Russo has intimate familiarity with this.
TRE’s advanced 2.4Moz Kobada project benefits from being open-pittable – with 77% of the resource found at depths of just 150m below surface, and from most of it – ~1.5Moz – being free-digging oxide ore.
This combination enables mining to be carry out quickly and at bulk tonnage rates, which underpins increased production and lower cost.
Russo says this amount of near-surface, free-digging oxide gold resource is an absolute rarity in the sector.
“What makes us compelling is we already have a large resource base, the gold has already been found. For us, it’s about positioning the project to become a mine now of which we are confident that will become evident for the market in the near-term,” he added.
“We are readying to begin a targeted drill plan to upgrade components of the inferred resource to the higher confidence indicated category.
“This will underpin the updated DFS (definitive feasibility study) where we are looking to demonstrate the potential to produce at scale, at a low cost and over an extended mine life.
“The technical simplicity of our deposit is another advantage that will shine through.
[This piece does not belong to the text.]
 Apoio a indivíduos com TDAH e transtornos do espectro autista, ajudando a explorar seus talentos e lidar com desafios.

We believe this will drive a surfacing of value in Kobada, particularly in an M&A market where the likes of Tietto are attracting bids of +$600m – advanced gold projects are few in West Africa.”
The company’s original 2021 DFS outlined a +100,000oz per annum operation at an all-in-sustaining cost of US$972/oz over the first 10 years.
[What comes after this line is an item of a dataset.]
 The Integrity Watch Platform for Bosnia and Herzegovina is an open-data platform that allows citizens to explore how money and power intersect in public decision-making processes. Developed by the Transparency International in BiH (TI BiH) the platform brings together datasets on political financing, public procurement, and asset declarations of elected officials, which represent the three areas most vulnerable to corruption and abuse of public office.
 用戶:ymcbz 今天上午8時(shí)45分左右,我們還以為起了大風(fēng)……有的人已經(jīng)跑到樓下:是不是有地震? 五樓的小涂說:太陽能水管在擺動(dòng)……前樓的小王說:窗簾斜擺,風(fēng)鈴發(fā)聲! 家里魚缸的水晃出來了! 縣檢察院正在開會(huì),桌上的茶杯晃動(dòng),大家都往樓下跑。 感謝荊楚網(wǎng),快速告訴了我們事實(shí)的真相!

While Mali has long being known for its gold prospectivity, it is increasingly gaining attention for its potential to host significant quantities of lithium.
Highlighting this potential, Australian play Leo Lithium (ASX:LLL) had defined the world’s fifth largest hard rock spodumene project at Goulamina, with a resource of 211Mt that remains open in many regions at depth and along strike.
It subsequently embarked on its development plans and for a short, shining moment, became the country’s first producer of direct shipping ore (DSO) lithium.
This came to a screeching halt after the Malian Ministry of Mines ordered a halt to all DSO activities though the company claimed that it is on track to start spodumene concentrate production in Q2 2024.
While development took off some of the shine from LLL, which saw its shares plummet from $1.245 on 11 July to 50.5c prior to its entering a trading half and being subsequently slapped with a suspension from the ASX, it has not deterred fellow Australian First Lithium (ASX:FL1) from progressing its exploration efforts.
FL1 has good reason to push hard on the Blakala prospect within its Gouna permit.
Blakala was first identified as having lithium bearing spodumene in the 1960s by Russian geologists though precious little was done to follow-up on the find.
However, its rise to prominence came in 2008 when CSA Global ranked two Tier 1 priority lithium targets in Mali that appeared to be geological mirrors of each other.
One of the two is now LLL’s giant Goulamina deposit and the other is Blakala.
Despite this, Blakala was left largely alone until FL1 came along and kicked off a 6,000m drill program to delineate the extent of known spodumene bearing pegmatites with substantive surface expression.
This has yielded some very intriguing results with all eight diamond holes drilled to date having intersected what the company describes as “significant spodumene mineralisation” from surface.
Assays are pending before the company can declare that it has really made a significant lithium discovery but the signs are certainly promising and just serve to reinforce the attractiveness of Mali as an exploration destination.